Losing Our Minds Over Memory
Well hello there! Today we have yet another interesting Linux bug investigation story. This time, however, we’re going outside the kernel: Oh yes, this was an issue with the distribution itself.
Why’s the RAM Gone?
We produce a 32-bit ARM board running Linux, and we had some clients who wanted to run apps on it or something (who does that ?!). The Linux distribution we ship with the board (or “board support package”, or “BSP”, or strrev("PSB")
) was recently updated, and a client noticed that they could not allocate as much memory as used to in a previous version:
Billy: We need to allocate up to 1.8G of memory for our application, and now we can only allocate ~1.1G before getting an -ENOMEM
!
Me: That sucks, let me try it:
//memory_test.c
#include <stdlib.h>
#include <stdio.h>
#include <errno.h>
#include <unistd.h>
int main(int argc, char* argv[]) {
const size_t sz = 1024 * 1024 * atoi(argv[1]);
void* mem = malloc(sz);
if (!mem) {
printf("Error: %d\n", errno);
} else {
printf("Ok!\n");
}
while(1)
usleep(1000000); // Suspend so we can investigate
return 0;
}
# ./memory_test 1100
Ok!
# ./memory_test 1400
Error: 12
Me: Yup, we got a problem
Let’s Begin
So, let’s start by spitting some facts about our Linux Distribution
- It’s a 32-bit kernel, so every process should see 4Gb of available address space;
- It’s a 2G/2G split, so every process has 2Gb of useable space, the rest is for the kernel;
- We use Yocto to build our distribution.
If you’re new to the world of embedded Linux, Yocto is like the Build-a-Bear of Linux distributions if the bear was a…Linux distribution?
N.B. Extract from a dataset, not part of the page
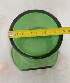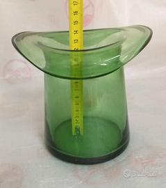 Vaso a forma di cappello cilindrico in vetro verde . Oggetto vintage

I dunno, we don’t have Build-a-Bear in Québec. The idea is that you can define and build a completely custom Linux distribution using a hierarchy of “recipes”. It’s a really nifty project that works really well out of the box and has a ton of flexibility, provided you’re willing to commit a bit of time to learning how to use it.
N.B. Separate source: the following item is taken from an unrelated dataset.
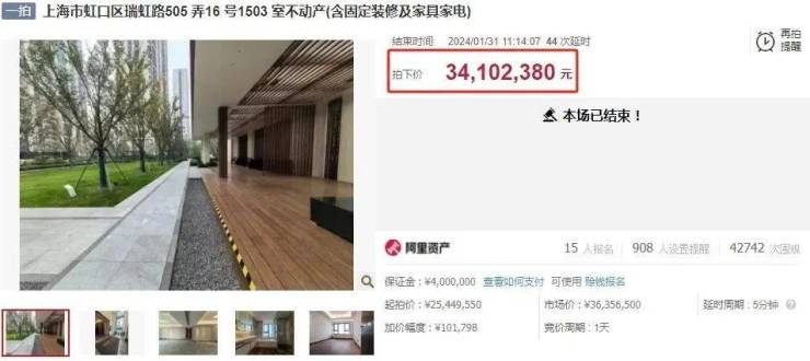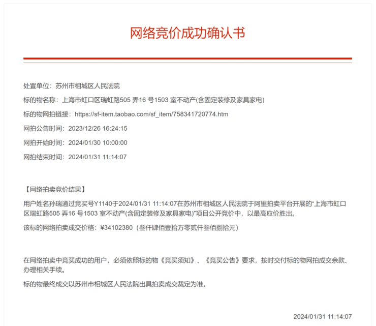 2024年1月31日,苏州相城区法院处理资产,上海市虹口区瑞虹路505弄16号1503室在阿里拍卖网上公开拍卖,起拍价约2545万元,15人报名82次出价,最终以总价3410.2万元成交,折合成交单价17.8万元/㎡。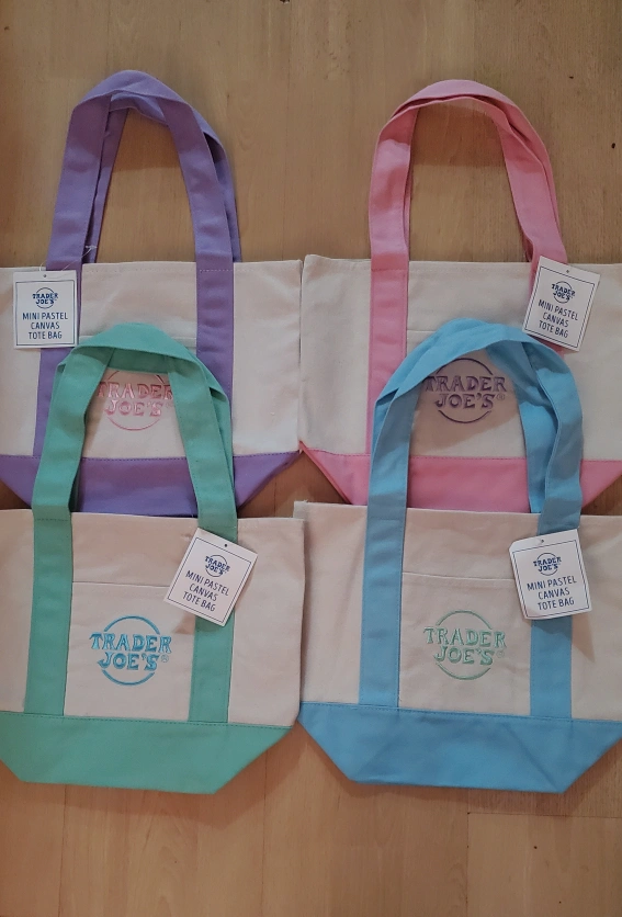 Brand New 4 Trader Joe's pastel mini totes. ISO the other 4 color of the trader Joe's mini tote. willing to trade 4 pastel colors for the other 4 color totes. Has to be Brand New with tags. see pictures.

So, where did it all (OK, just the one thing) go wrong?
Tracer Round
Let’s see what’s actually happening when we call malloc()
- we can use strace
to log all system calls:
# strace ./memory_test.c
We get quite a bit of output, but at the end we see something like this:
mmap2(NULL, 1572868096, PROT_READ|PROT_WRITE, MAP_PRIVATE|MAP_ANONYMOUS, -1, 0) = -1 ENOMEM (Cannot allocate memory)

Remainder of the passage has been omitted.